━━━━━ Extracted information ━━━━━
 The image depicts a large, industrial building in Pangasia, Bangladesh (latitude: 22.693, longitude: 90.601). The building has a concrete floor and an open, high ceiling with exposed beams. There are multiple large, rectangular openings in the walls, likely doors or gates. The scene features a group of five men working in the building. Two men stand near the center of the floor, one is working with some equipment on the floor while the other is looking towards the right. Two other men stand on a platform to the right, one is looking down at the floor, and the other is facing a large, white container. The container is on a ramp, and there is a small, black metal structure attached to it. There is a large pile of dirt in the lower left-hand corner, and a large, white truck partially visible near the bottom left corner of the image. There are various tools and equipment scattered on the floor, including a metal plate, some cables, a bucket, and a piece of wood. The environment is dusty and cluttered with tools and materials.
━━━━━
━━━━━ Extracted information ━━━━━
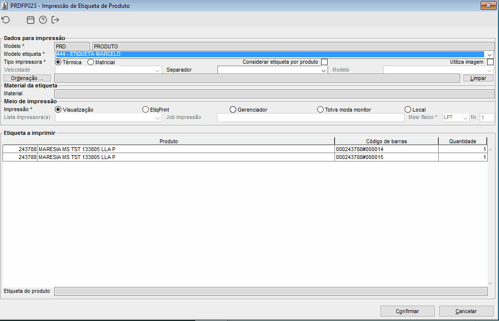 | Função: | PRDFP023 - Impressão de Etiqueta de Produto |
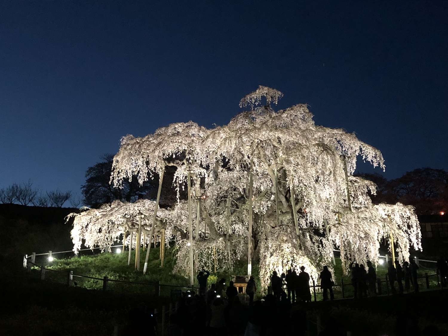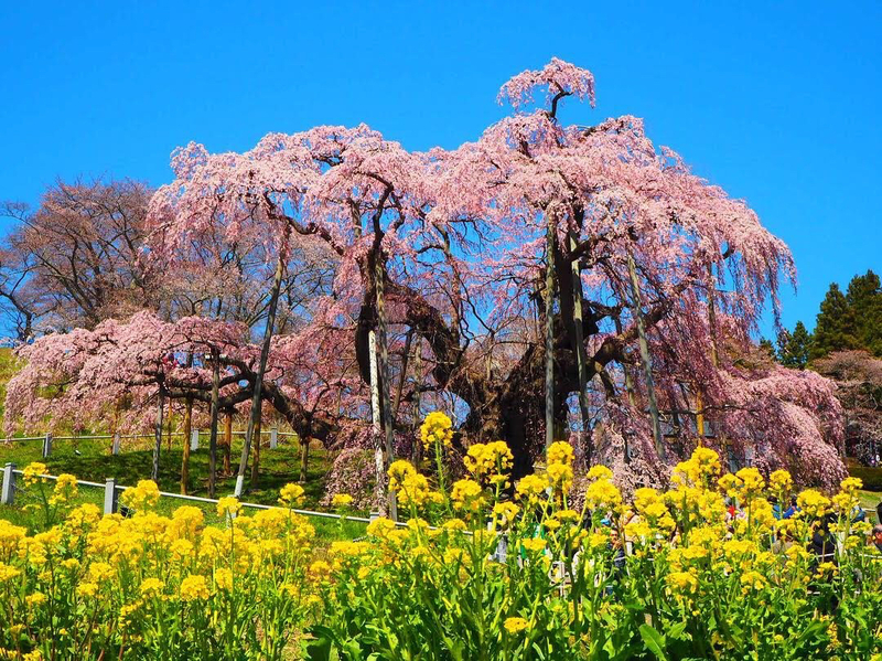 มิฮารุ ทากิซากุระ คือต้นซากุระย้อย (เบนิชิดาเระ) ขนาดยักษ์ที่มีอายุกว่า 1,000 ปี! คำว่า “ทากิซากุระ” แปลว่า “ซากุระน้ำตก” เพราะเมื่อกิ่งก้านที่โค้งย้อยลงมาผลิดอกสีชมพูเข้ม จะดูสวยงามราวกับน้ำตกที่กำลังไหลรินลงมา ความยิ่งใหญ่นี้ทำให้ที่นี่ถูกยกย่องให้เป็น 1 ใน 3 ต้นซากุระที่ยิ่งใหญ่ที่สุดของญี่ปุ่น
━━━━━
Above, find the line with "de Produto |"; copy it and every line down to the line with "มิฮารุ ทากิซากุระ คือต้นซากุระย้อย", exactly and both included, but no pictures.

» **Task result**
 | Função: | PRDFP023 - Impressão de Etiqueta de Produto |
 มิฮารุ ทากิซากุระ คือต้นซากุระย้อย (เบนิชิดาเระ) ขนาดยักษ์ที่มีอายุกว่า 1,000 ปี! คำว่า “ทากิซากุระ” แปลว่า “ซากุระน้ำตก” เพราะเมื่อกิ่งก้านที่โค้งย้อยลงมาผลิดอกสีชมพูเข้ม จะดูสวยงามราวกับน้ำตกที่กำลังไหลรินลงมา ความยิ่งใหญ่นี้ทำให้ที่นี่ถูกยกย่องให้เป็น 1 ใน 3 ต้นซากุระที่ยิ่งใหญ่ที่สุดของญี่ปุ่น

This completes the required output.